Frequently Asked Question

What is asked of me when I volunteer?
Volunteer providers determine the number of patients they are willing to treat each year. HAP patients are scheduled like insured patients, and they should be treated like any other patient in your practice. If diagnostic services such as laboratory work, x-rays, or other tests are needed, you may choose to donate these if you regularly perform these procedures in your office, or HAP staff will assist you in arranging for these services at participating facilities. After you have seen a HAP patient, you should call or write the referring doctor just as you do for any other patient in your practice. Your office staff should submit a standard billing and coding form (HCFA-1500) to HAP in order to track the value of the care you have donated.
How can I be assured that my pledge will not be exceeded?
HAP maintains a centralized tracking system to assure that HAP does not refer you more patients than you pledged. Careful tracking of referrals creates an equal distribution of patients across participating physicians.
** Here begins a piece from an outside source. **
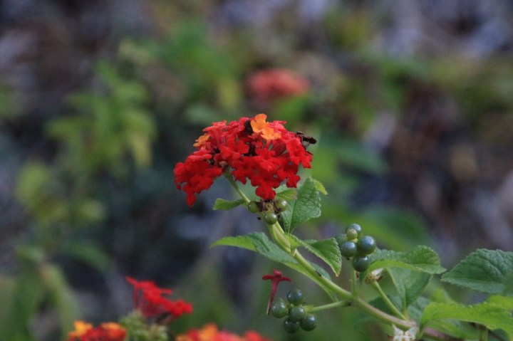This is one – a pretty orange. Looks a bit like lipsticks. But they will open in the sun. But try and get a decent picture when they open. I tried. And failed.
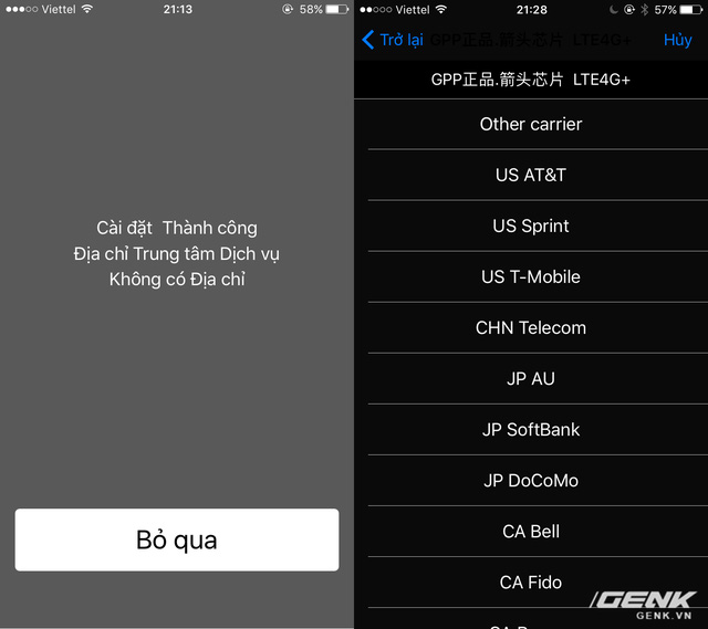 - Nếu bảng chọn nhà mạng hiện ra thì đây chắc chắn là máy lock (ảnh bên phải).

Who can receive this care?
Often, individuals without health insurance are working in one or more low-wage jobs without health benefits—earning too much to qualify for programs like Medicaid, but not enough to afford health insurance and still meet other essential needs such as food, clothing, and housing. To be eligible for the Health Access Project, patients must live in the Salt Lake area, be uninsured or underinsured, and not qualify for other public assistance programs. The income limit is 150% of the Federal Poverty Level, which is determined based on family size.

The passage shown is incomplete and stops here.